東日本大震災への取組み

ボランティア隊派遣活動

2011年の東日本大震災に対して、本学でも復興に向けたボランティア隊派遣について学生部協議会を中心に話し合いが持たれました。その結果、ボランティア隊の派遣時期を夏季休業中に実施することが決まり、第一班を八月上旬、第二班を八月下旬、第三班を九月上旬に、それぞれ一週 間ほど派遣することになりました。この中で、私は第三班の引率者として参加しました。

3月11日に発生した東日本大震災からほぼ半年が過ぎ、実際に現地に伺うと、道路や建物跡に山積した瓦礫等もほぼ片付けられていました。しかし、それでも復興までにはまだ遠い道のりがあるように感じられたのも事実です。被災者の多くは仮設住宅に移り、すでにそこでの生活が始まっていましたが、精神的なケアはむしろこれから大きくのし掛かってくる問題のように思われました。現地でも、九月十日をもって一区切りとし、九月十一日以後は災害救助や瓦礫等の除去を主とする災害復興から、被災者や遺族の方々に対する物的・精神的な支援をより一層推進すべき段階に入ると言われていました。

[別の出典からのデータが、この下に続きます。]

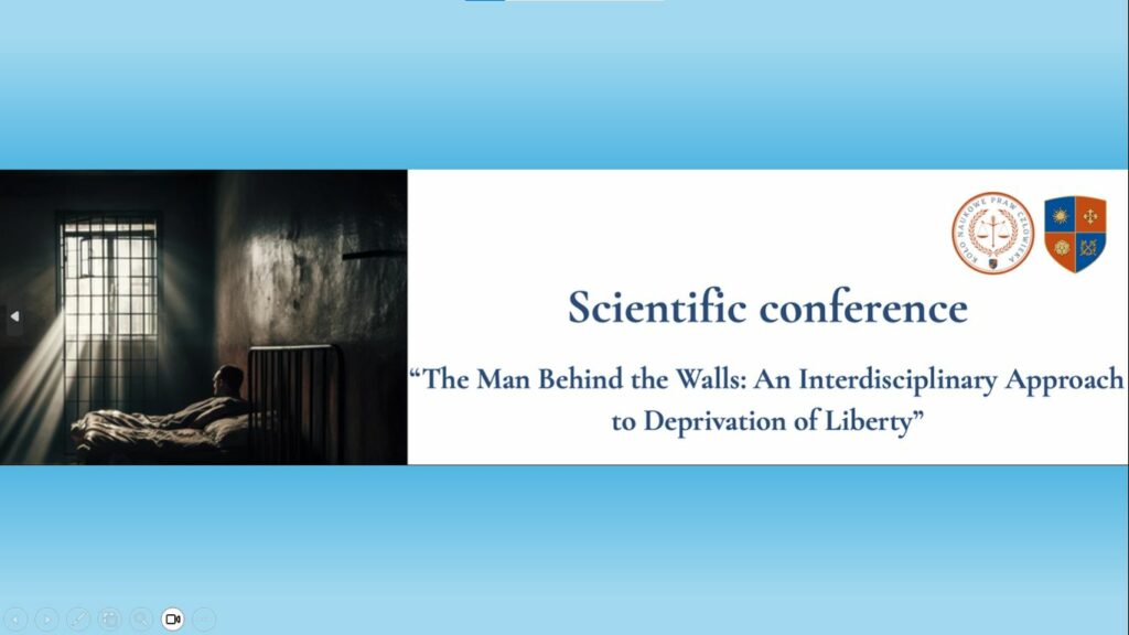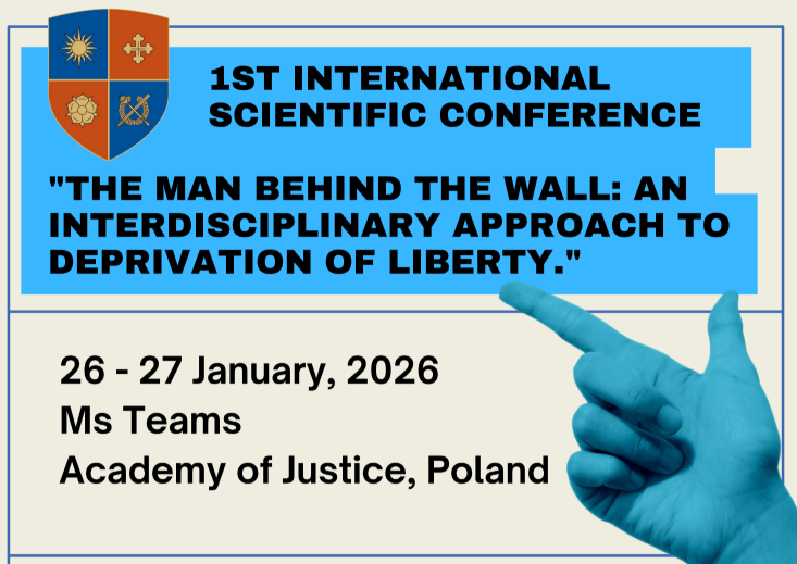 26-27 січня 2026 року відбулася Перша міжнародна наукова конференція «Людина за стіною: міждисциплінарний підхід до позбавлення волі»  (1st International Scientific Conference “The Man Behind the Wall: An Interdisciplinary Approach to Deprivation of Liberty”), організована Академією справедливості (Республіка Польща). Захід проходив у змішаному форматі: перший день — очно на базі Академії юстиції в місті Каліш, другий — дистанційно на платформі MS Teams.

今回、本山災害対策本部のご援助を受け、被災地でのボランティア活動を実施するに当たっては、岩手県では高野山真言宗唯一の寺院である釡石市の駒木山不動寺で宿泊・食事等のお世話になりました。当寺のご住職であられる森脇義真僧正のご理解のもと、住職補佐の森脇妙紀師(本学卒業生)が市のボランティア活動に積極的関わられ、私たちも宿泊中は同師から当寺の縁起も含めて、釡石の町の雰囲気や被災状況、ボランティア活動の状況などについていろいろとお話をお伺いする機会がありました。妙紀師はたいへん責任感が強く、学生達も当初はその強い個性に圧倒されていましたが、その真摯な姿勢にしだいに傾倒するようになっていったように思います。

今回の活動を通して、実際に現地に行って被災状況を視、また現地の方々に直接お話を伺うことの大切さを改めて認識しましたが、こうした経験を積み重ねて、次の際の活動に生かしていくことこそが重要でしょう。その意味で、こうしたボランティア活動が一過性のものであってはいけないと思った次第です。

高野山大学教授 乾 仁志

東日本大震災復興ボランティア活動に参加して

夏休み、ボランティア活動のため東北に行きました。大震災が残した爪痕は想像を遥かに超えるものでした。無数の瓦礫の山、廃墟と化した学校、基礎だけが残った街などを目の前にして、自然の前では人間の力など無力だと感じました。しかし、被災者の方々は私たちを笑顔で迎えて下さいました。

現地では宗教の枠を超えて、キリスト教徒の方々と仮設住宅を訪問し、被災者の皆さんからお話を聴くことができました。そうした中で、私たち高野山から遥々やって来たことを知ると、「仏壇の前で読経して欲しい」と頼まれたり、あるいはお位牌のことでいろいろと相談を受けることもありました。ともかく、一生懸命に対応することで、被災者の方々がほんの少しばかりであるが、安心した表情を見せてくださったのが私にとってはたいへん嬉しい出来事でした。また一緒にボランティア活動に参加した、私を含む高野山大学生の4人で、前もって計画を練って 現地で催した小さな模擬店での現地の方々との交流は大変良い経験となりました。仮設地区内の住宅に住む子どもたちがたくさん集まってきてくれて、私たちが用意したスーパーボールすくいに夢中になり、またその後で配布した駄菓子を美味しそう頬張っていました。今回、東日本大震災復興のためのボランティア活動に参加して、さまざまな方々との出会いもありました。このような貴重な経験を積むことができたことに対し、一緒に活動した大学の仲間をはじめ、サポートいただきました関係者の皆様に厚く御礼申し上げたいと思います。